Маковецкий заалел румянцем и смущенно отвечал, что у него маленькая сестра и больная мать, а доктора требуют много денег.
Но ведь это серьезный риск, покачал головой Загорский. Кто будет кормить мать и сестру, если вы погибнете?
Ну уж, об этом беспокоиться не нужно, отвечал Алабин. В таком случае назначат пенсион, положенный семье погибшего военнослужащего. Так что вопрос будет вполне решен.
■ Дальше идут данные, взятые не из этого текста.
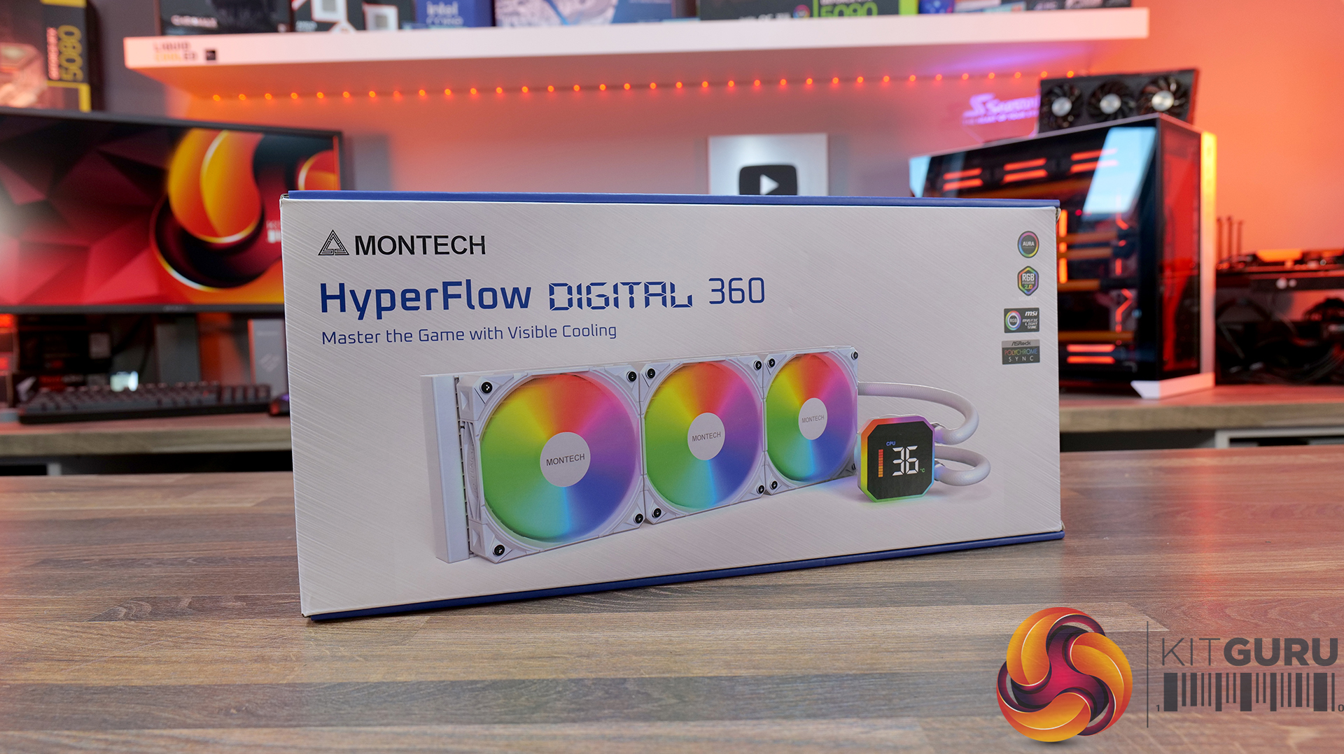 This is the Montech HyperFlow Digital – a 360mm AIO cooler with a digital display, RGB lighting, and black or white colour options. In this review, we’ll take a look at the design, ease of installation and test how it performs in terms of thermals and noise. So if you're considering this £90 cooler for your next build, here’s all you need to know before making a decision…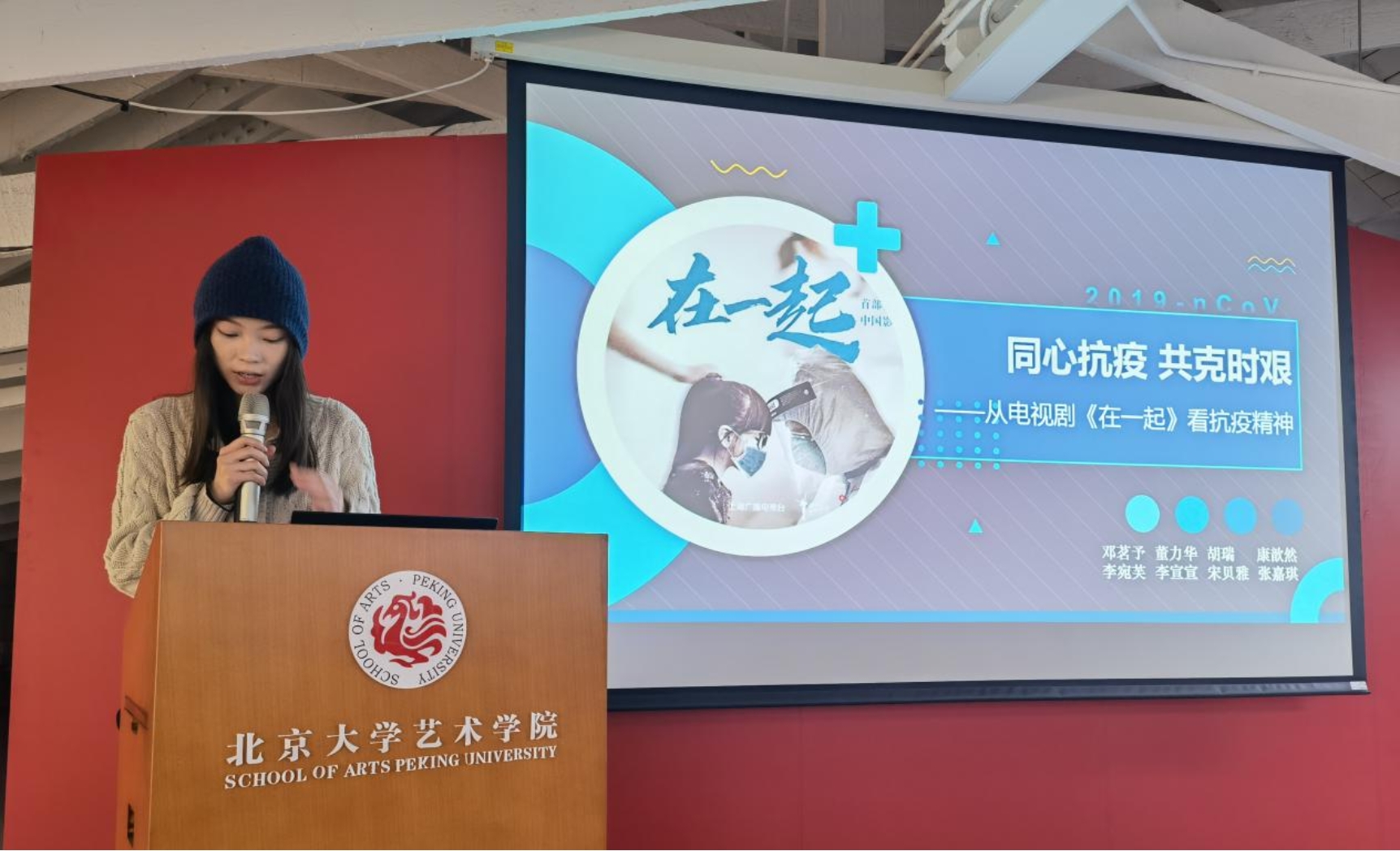 由鄧茗予、董力華、胡瑞、康歆然、李宛芙、李宣宣、宋貝雅、張嘉琪組成的第二小組以“同心抗疫、共克時(shí)艱”為主題,從電視劇《在一起》剖析抗疫精神的內(nèi)涵。抗疫精神同中華民族長(zhǎng)期形成的特質(zhì)稟賦和文化基因一脈相承,是愛(ài)國(guó)主義、集體主義、社會(huì)主義精神的傳承和發(fā)展,是中國(guó)精神的生動(dòng)詮釋?zhuān)S富了民族精神和時(shí)代精神的內(nèi)涵。第二組從《在一起》中十個(gè)單元故事出發(fā),分析其生動(dòng)的人物塑造,并聯(lián)系實(shí)際,講述其背后真實(shí)的人物故事,指出這些人物的縮影也正是對(duì)習(xí)近平總書(shū)記指出的以生命至上、舉國(guó)同心、舍生忘死、尊重科學(xué)、命運(yùn)與共為核心的抗疫精神的集中體現(xiàn),為后疫情時(shí)代下持續(xù)踐行和不斷深化抗疫情神提供著榜樣與給養(yǎng)。

Нестор Васильевич поморщился, а вслух сказал только, что очень надеется, что полет их завершится успешно, и никто не погибнет в том числе и он сам. Семьи, правда, у коллежского советника нет, однако покидать бренную землю ему пока рановато.
За разговорами стемнело, стало еще холоднее. Фельдфебель предложил спуститься пониже, хотя бы саженей до трехсот, а то ведь по такому морозу уснуть будет трудно, а хуже того уснешь и не проснешься. Загорский не возражал, однако его беспокоило, что внизу ветер станет дуть в другую сторону, и их отнесет от выбранного пути. Алабин, однако, обещал поискать попутный ветер в нижних слоях.
Конечно, там дует послабее, сказал он, вряд ли быстрее пяти узлов, зато уж не околеем от холода.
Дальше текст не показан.